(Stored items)
______
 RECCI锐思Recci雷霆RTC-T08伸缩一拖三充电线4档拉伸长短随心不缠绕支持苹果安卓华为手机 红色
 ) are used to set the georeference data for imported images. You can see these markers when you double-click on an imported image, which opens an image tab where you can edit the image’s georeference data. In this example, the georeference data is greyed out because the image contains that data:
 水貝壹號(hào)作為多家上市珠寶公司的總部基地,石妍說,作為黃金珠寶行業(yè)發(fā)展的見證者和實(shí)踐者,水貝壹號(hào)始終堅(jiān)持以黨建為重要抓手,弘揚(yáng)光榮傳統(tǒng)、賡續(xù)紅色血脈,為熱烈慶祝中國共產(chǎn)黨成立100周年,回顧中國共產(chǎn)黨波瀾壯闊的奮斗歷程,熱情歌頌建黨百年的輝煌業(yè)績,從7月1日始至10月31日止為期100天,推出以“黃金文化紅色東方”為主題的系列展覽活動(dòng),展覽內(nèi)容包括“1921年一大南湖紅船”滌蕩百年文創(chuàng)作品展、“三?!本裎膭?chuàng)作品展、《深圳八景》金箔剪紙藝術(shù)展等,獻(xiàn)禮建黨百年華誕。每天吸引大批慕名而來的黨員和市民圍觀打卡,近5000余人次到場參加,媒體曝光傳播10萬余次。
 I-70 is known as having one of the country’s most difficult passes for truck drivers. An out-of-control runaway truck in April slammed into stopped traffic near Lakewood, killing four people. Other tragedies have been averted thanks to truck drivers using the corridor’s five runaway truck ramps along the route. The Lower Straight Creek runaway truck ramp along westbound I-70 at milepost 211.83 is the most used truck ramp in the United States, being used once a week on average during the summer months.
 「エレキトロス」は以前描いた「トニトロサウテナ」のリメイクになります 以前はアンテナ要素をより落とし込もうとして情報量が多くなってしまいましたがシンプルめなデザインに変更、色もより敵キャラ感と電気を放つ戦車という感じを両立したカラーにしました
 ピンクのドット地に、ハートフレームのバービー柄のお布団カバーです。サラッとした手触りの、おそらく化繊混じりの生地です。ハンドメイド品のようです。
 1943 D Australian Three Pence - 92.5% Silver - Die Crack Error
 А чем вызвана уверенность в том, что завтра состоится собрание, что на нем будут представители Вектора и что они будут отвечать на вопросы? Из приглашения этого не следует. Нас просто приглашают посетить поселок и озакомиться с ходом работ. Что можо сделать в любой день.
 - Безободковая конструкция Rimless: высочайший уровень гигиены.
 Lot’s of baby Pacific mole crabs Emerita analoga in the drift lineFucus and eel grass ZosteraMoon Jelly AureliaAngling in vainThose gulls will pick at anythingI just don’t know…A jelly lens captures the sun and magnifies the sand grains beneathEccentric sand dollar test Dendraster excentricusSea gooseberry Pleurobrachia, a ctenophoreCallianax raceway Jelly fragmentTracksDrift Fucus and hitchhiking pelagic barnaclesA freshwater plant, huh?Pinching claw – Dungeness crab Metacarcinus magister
______
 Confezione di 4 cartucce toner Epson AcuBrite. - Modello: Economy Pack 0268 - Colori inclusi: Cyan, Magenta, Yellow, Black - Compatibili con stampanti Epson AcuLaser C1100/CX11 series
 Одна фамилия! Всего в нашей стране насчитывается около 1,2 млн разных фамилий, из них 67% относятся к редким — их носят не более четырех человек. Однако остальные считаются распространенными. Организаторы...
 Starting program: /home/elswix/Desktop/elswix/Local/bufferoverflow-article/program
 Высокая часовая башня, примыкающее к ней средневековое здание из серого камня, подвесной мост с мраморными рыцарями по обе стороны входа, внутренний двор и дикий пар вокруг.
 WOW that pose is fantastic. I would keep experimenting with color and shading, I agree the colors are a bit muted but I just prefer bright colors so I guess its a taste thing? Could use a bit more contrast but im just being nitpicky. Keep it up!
______
→ **Requirement**
Reproduce the lines above, beginning at the line with "RECCI锐思Recci雷霆" and stopping after the line with "水貝壹號(hào)作為多家上", exactly as they are.

→ **Finished task**
 RECCI锐思Recci雷霆RTC-T08伸缩一拖三充电线4档拉伸长短随心不缠绕支持苹果安卓华为手机 红色
 ) are used to set the georeference data for imported images. You can see these markers when you double-click on an imported image, which opens an image tab where you can edit the image’s georeference data. In this example, the georeference data is greyed out because the image contains that data:
 水貝壹號(hào)作為多家上市珠寶公司的總部基地,石妍說,作為黃金珠寶行業(yè)發(fā)展的見證者和實(shí)踐者,水貝壹號(hào)始終堅(jiān)持以黨建為重要抓手,弘揚(yáng)光榮傳統(tǒng)、賡續(xù)紅色血脈,為熱烈慶祝中國共產(chǎn)黨成立100周年,回顧中國共產(chǎn)黨波瀾壯闊的奮斗歷程,熱情歌頌建黨百年的輝煌業(yè)績,從7月1日始至10月31日止為期100天,推出以“黃金文化紅色東方”為主題的系列展覽活動(dòng),展覽內(nèi)容包括“1921年一大南湖紅船”滌蕩百年文創(chuàng)作品展、“三?!本裎膭?chuàng)作品展、《深圳八景》金箔剪紙藝術(shù)展等,獻(xiàn)禮建黨百年華誕。每天吸引大批慕名而來的黨員和市民圍觀打卡,近5000余人次到場參加,媒體曝光傳播10萬余次。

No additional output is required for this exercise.